Und wo waren die Männer? „Mein Vater,“ sagt Tarek, „war in Sinai Grenzsoldat.“ Ursula ergänzt: „ Das ist auch eine Gemeinsamkeit, die wir haben: Unsere Väter trugen beide Uniform. Aber bitte keine falschen Schlüsse daraus ziehen.

“ Beide lachen.

Lieblingsort Palmenhaus

Eines Tages entdeckt Tarek im Internet eine Ausschreibung des Elias-Canetti-Stipendiums der Stadt Wien. Die Bedingungen passen – er versucht’s halt. Und er bekommt das Stipendium. 

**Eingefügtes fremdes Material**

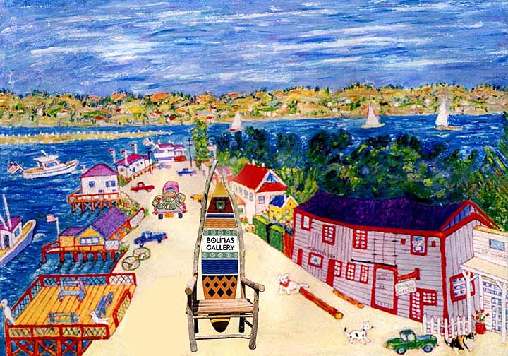 The collage on the right is based on the painting by Legendary native Bolinas artist Peter Lee Brownlee who was featured in the documentary, Painting Bolinas . Brownlee is one of the many artists who have been featured at the gallery over the years.

Inzwischen hat er den 349 Seiten langen Roman „Im Palmenhaus“ beendet: die Fortsetzung der „Städte ohne Dattelpalmen“. Eine Liebesgeschichte, die traurig endet. Eine Collage aus Erzählungen, Erinnerungen, Träumen. Eine 1001-Nacht-Variante mit Rollentausch: Der nicht mehr so naive Hamza ist in Wien gelandet und erzählt seiner Freundin Sandra aus seinem Leben. Ihr Lieblingsort ist das Palmenhaus. 

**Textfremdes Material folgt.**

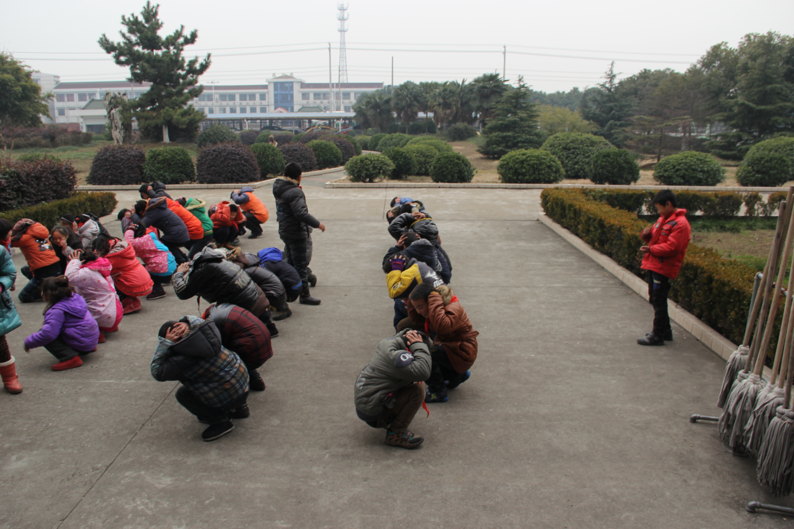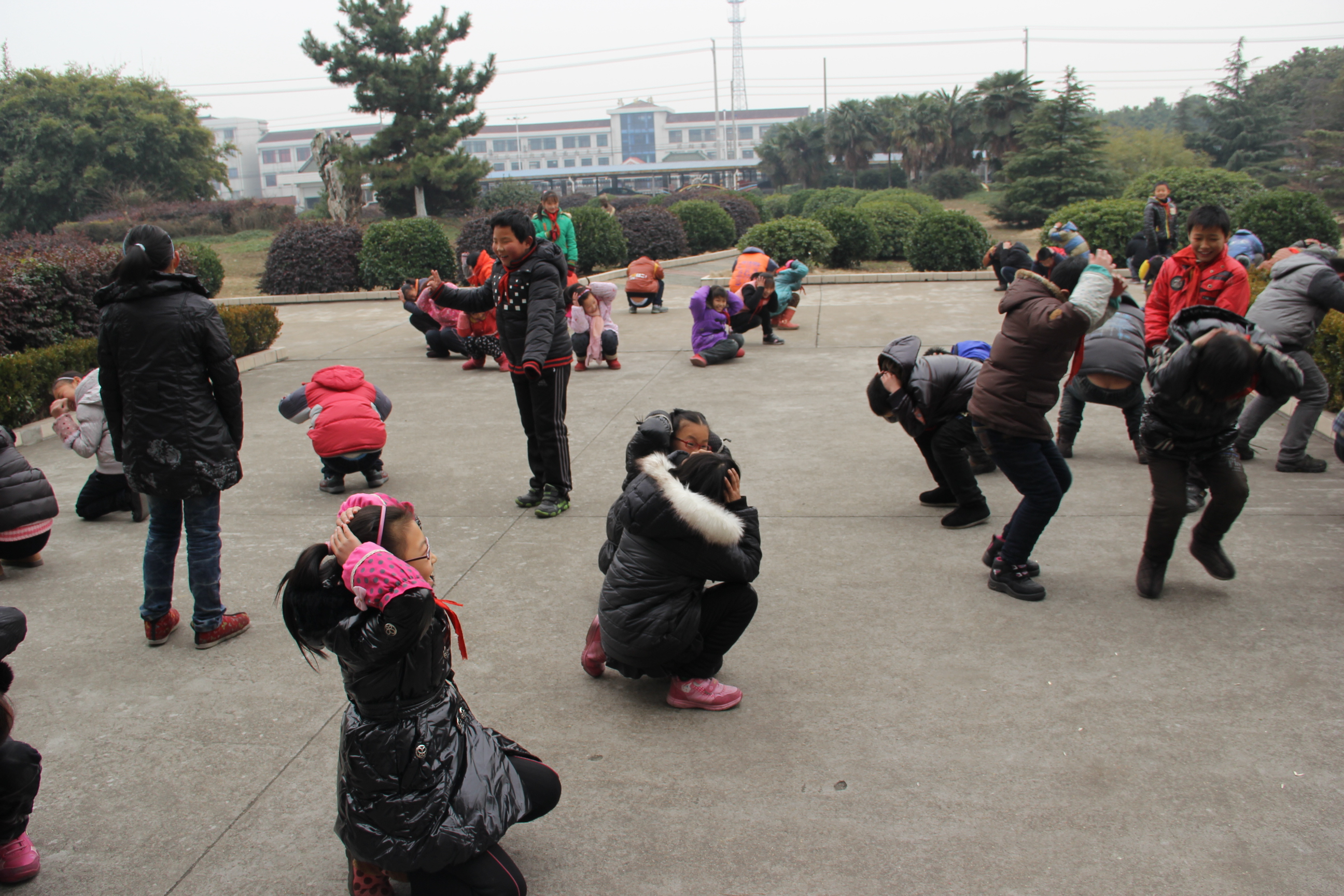 游戏方法:选一人当预报员,其他游戏者面对着他,站成一列横队,相距1米远,游戏开始,当预报员发出各种气象预报时,全体游戏者要作出勇敢的反应,如: “刮大风!”-“不怕!” “下大雨!”-“不怕!” “有大雾!”-“不怕!” “下大雪!”-“不怕!” 唯独听到“下冰雹罗!”必须赶快转身抱头蹲下,要是动作迟缓被预报员发现就算失误,互换角色。接着游戏开始,谁失误三次就要表演一个节目。

Doch diesmal gibt es viele Hürden, bis das Buch heraus kommt. Die edition selene gerät in ein Ausgleichsverfahren. Ursula hat wenig Zeit zum Übersetzen, weil sie beruflich sehr ausgelastet ist. Eine weitere Schwierigkeit: In Tareks Text kommen verschiedene Dialekte und Umgangssprachen vor. 

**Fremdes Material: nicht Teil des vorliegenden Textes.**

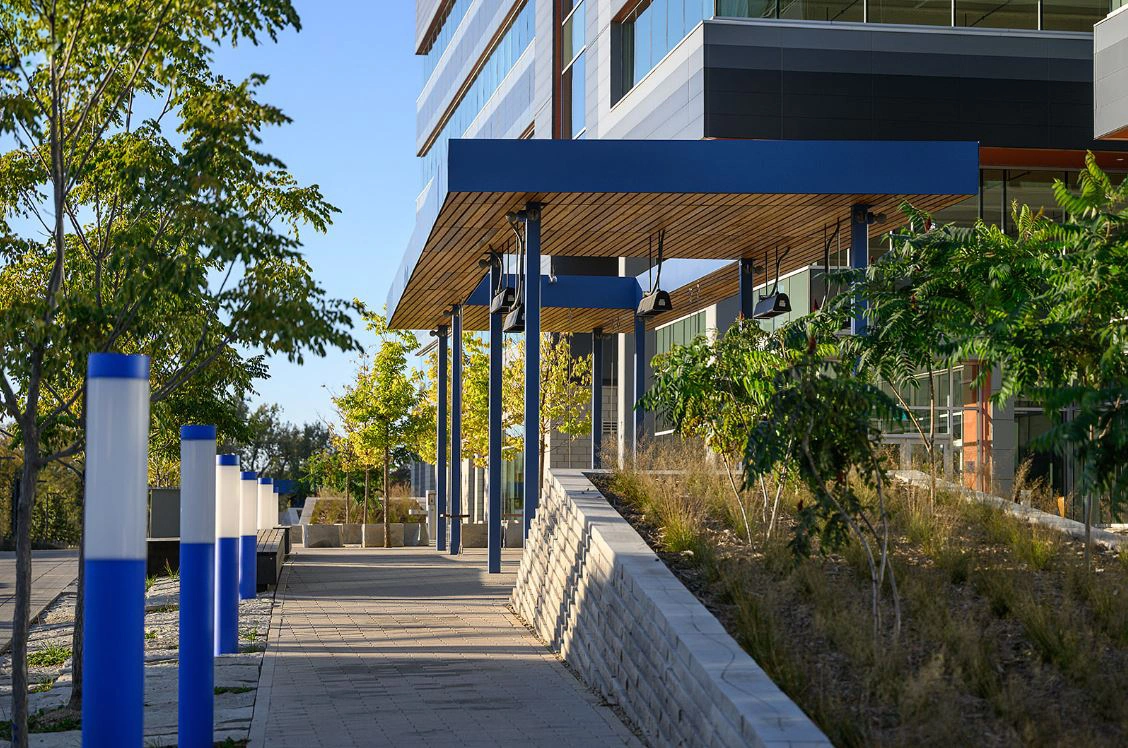 13 columns support a dramatic cantilevered pavilion defining the gateway to the Destination Medical Center

„Wie sollte ich das übersetzen? Wienerisch, Waldviertlerisch, Berlinerisch, Rheinländisch? 
Absurd. Also hab’ ich schließlich eine ,normale’ Sprache verwendet.“ 

Doch endlich ist auch die Übersetzung fertig, und es findet sich ein Berliner Verlag, der den Roman heraus bringt. Der Verkaufserfolg hält sich noch in Grenzen, aber immerhin, der österreichische Bundespräsident hat Tarek – mit fünf anderen Autoren – zum Essen eingeladen. 

Die üblichen Fragen zu stellen, etwa zum Thema Islam, Fundamentalismus, Krieg, Menschenrechte usw., kommt mir blöd vor. Schließlich habe ich Tareks Bücher gelesen. Sie sollten das auch tun.